The plan to impeach President Trump over his encouragement of a mob that ransacked the Capitol is colliding with the reality that doing so could delay, by at least a few days or weeks, confirmation of key Joe Biden nominees after the inauguration.
There are no signs yet that Democrats are having any second thoughts about their push to impeach Trump in the House — a move that at some point would require the Senate, the body in charge of confirming presidential appointments, to take up the matter with a trial.
But there is a recognition that doing so will come at cost to President-elect Joe Biden — even if its cost is outweighed by the demand to hold Trump accountable for inciting the riot — if the Senate does not take up the impeachment until around the time Biden is inaugurated president.
In a memo passed around on Friday, as the House was coalescing around moving forward with impeachment, Majority Leader Mitch McConnell (R-KY) said that the Senate rules would not let the Senate meet again before Jan. 19 unless all 100 senators agreed to convene earlier.
That timeline for a Senate impeachment trial would take off some of the pressure on Senate Republicans for voting to remove Trump, since the trial would not start until at least Jan. 20, after Biden was sworn in and Trump was already out of office. It could also mean that Cabinet posts that are usually filled with a president’s replacements in the early days of his or her first term would remain vacant — and at a time when the country is facing a devastating pandemic, an economic crisis, and now also the threat of violence from Trump supporters unwilling to accept Biden’s victory.
Already, the GOP-controlled Senate has been slow to schedule pre-inauguration confirmation hearings for crucial Biden nominees — a slowness that’s been a break with past practice. An impeachment trial in the early days of his administration could put Biden’s legislative agenda on hold as well.
House Majority Whip Jim Clyburn (D-SC) on Sunday floated the possibility that Speaker Nancy Pelosi (D-CA) could hold off on sending the impeachment articles to the Senate for some extended period of time — perhaps as long as the first 100 days of the new Biden administration.
“It just so happens that if it didn’t go over there for 100 days, it could — let’s give President-elect Biden the 100 days he needs to get his agenda off and running, and maybe we’ll send the articles sometime after that,” he said on CNN.
So far, there is no indication of broader support of such an approach, which would undoubtedly attract mockery from Republicans.
Biden told reporters on Monday that his team was looking into how the Senate could “bifurcate” its daily schedule, so that half of its working time is devoted to confirmations and the other half to the impeachment schedule.
“Can you go [a] half-day on dealing with the impeachment, and a half-day getting my people nominated and confirmed in the Senate?” Biden said.
A Senate Democratic aide, meanwhile, has suggested to some outlets that Sen.
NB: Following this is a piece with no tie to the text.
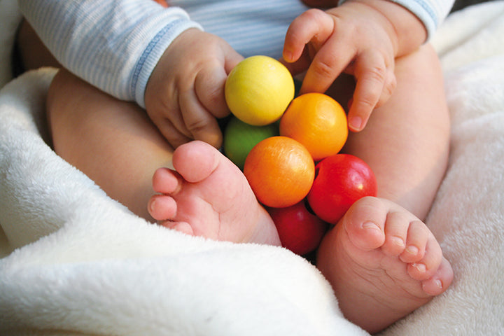 The Rainbow Beads Grasper is a classic and fun rattle that can double as a teething toy. Its shape is ideal to develop younger baby's motor skills when they are learning to grasp and handle things. When shaken, the Bead Grasper also makes a pleasant rattling sound.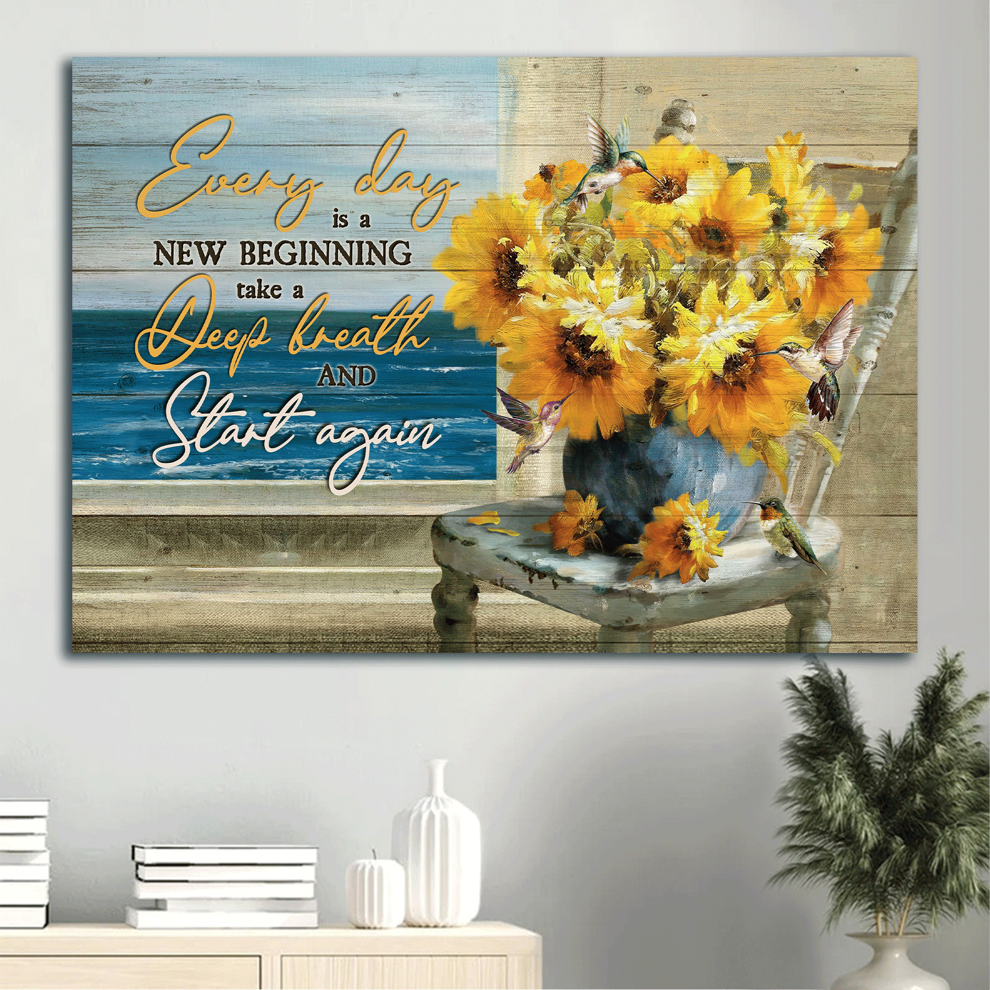 Jesus Landscape Canvas- Blue ocean drawing, Watercolor sunflower canvas- Gift for Christian- Every day is a new beginning - Landscape Canvas Prints, Wall Art.

Chuck Schumer (D-NY), while he is still the minority leader, might use an obscure post 9/11 authority to pressure McConnell to reconvene the Senate earlier for impeachment. That option allows McConnell and Schumer to call the Senate back into session during times of national emergency. Schumer has also signaled support for finding a way for the Senate to advance on the Biden administration priorities while the impeachment trial is ongoing.
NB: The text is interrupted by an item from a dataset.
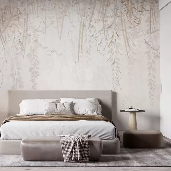 Zidne murale Lagano viseće lišće i grane u bež tonovima br. w09433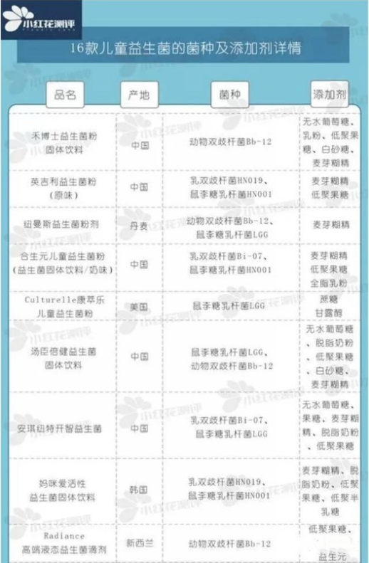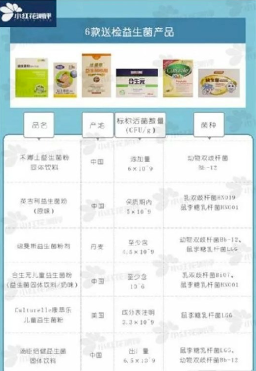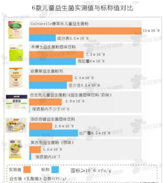 以此对照,“小红花测评”发现,在16款号称是婴幼儿益生菌的产品中,有7款产品不符合要求:

Incoming administrations in the past have traditionally been able to get Senate confirmation of key nominees quickly after inauguration. Presidents George W. Bush, Barack Obama and Trump have all had at least a few nominees confirmed on Inauguration Day or the day after. Usually that priority is reserved for secretaries of state, Defense secretaries and, sometimes, secretaries of the Treasury. But, given the unique nature of the crisis facing Biden, he may wish to also prioritize other Cabinet officials, such as his Health and Human Services nominee Xavier Becerra or his Justice Department pick, Judge Merrick Garland.
Not having those positions filled “inhibits any kind of long-range planning,” said Kathryn Dunn Tenpas, a Brookings Institution expert and a senior research director for the White House Transition Project. And it burns time off the four-year clock that Biden faces before the next election to implement his policies.
While most attention is on these top officials, Tempas noted that the Trump administration has brought about a hollowing out of the next tier of agency leadership — i.e. the handful of undersecretaries and other presidentially-appointed deputies at each agency who play an under-the-radar but crucial role in guiding a president’s policy within the executive branch.
Then there are the agencies that, under Trump, have gone for months without a Senate confirmed leader.
However, on the other hand, Tempas said, these agencies have learned to function in those circumstances, and they will continue to function with any confirmation delays caused by impeachment. The Department of Homeland Security has not had a Senate-confirmed secretary since 2019, and its recent acting head, Chad Wolf, who was believed by many to be in the top role unlawfully, stepped down Monday night.
“Going forward, if people at DOJ or at Treasury have to wait another five days for the nominee to be confirmed, I would say, of all times to do it, this isn’t really gonna mess it up, because you have been with actings off and on for the last four years,” she said.